__Requirement__.
Please repeat, from the entries that follow, the lines from the one containing "플라워 모티프 장식의 그레이 니트 톱은 질 샌더." through the one containing "VIN / Chassis No: JN1TESY61A0333527" exactly, adding nothing.

__Record extracts__.
--------------------

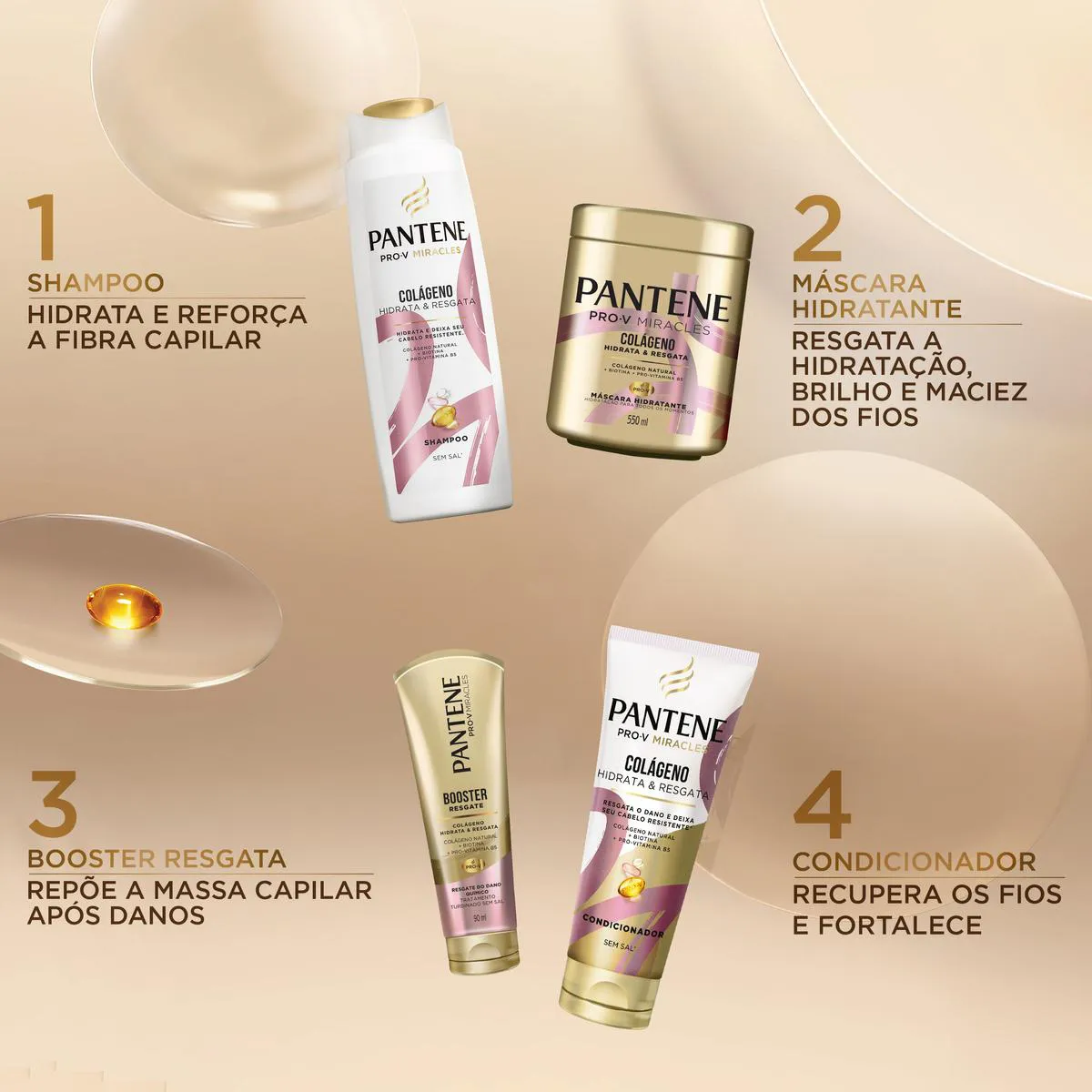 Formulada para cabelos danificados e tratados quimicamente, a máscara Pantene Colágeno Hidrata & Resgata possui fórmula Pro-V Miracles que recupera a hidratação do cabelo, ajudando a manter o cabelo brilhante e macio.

--------------------

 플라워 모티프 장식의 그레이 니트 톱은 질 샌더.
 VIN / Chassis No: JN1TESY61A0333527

--------------------

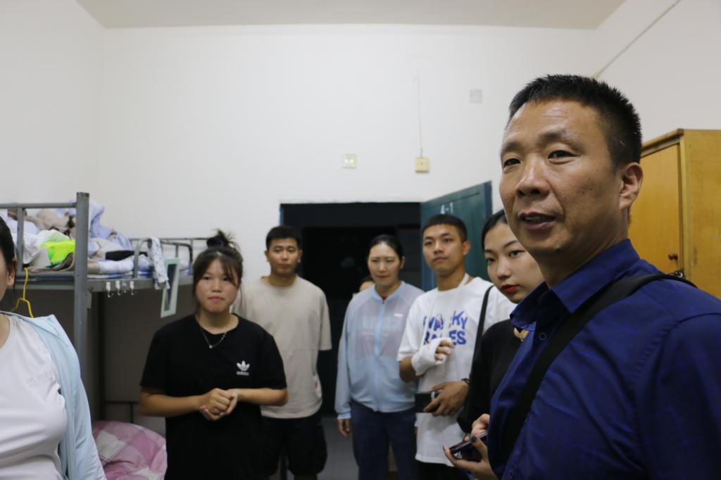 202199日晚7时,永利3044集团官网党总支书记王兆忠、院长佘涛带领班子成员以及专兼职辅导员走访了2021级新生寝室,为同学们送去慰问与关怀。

--------------------

__Finished task__.
 플라워 모티프 장식의 그레이 니트 톱은 질 샌더.
 VIN / Chassis No: JN1TESY61A0333527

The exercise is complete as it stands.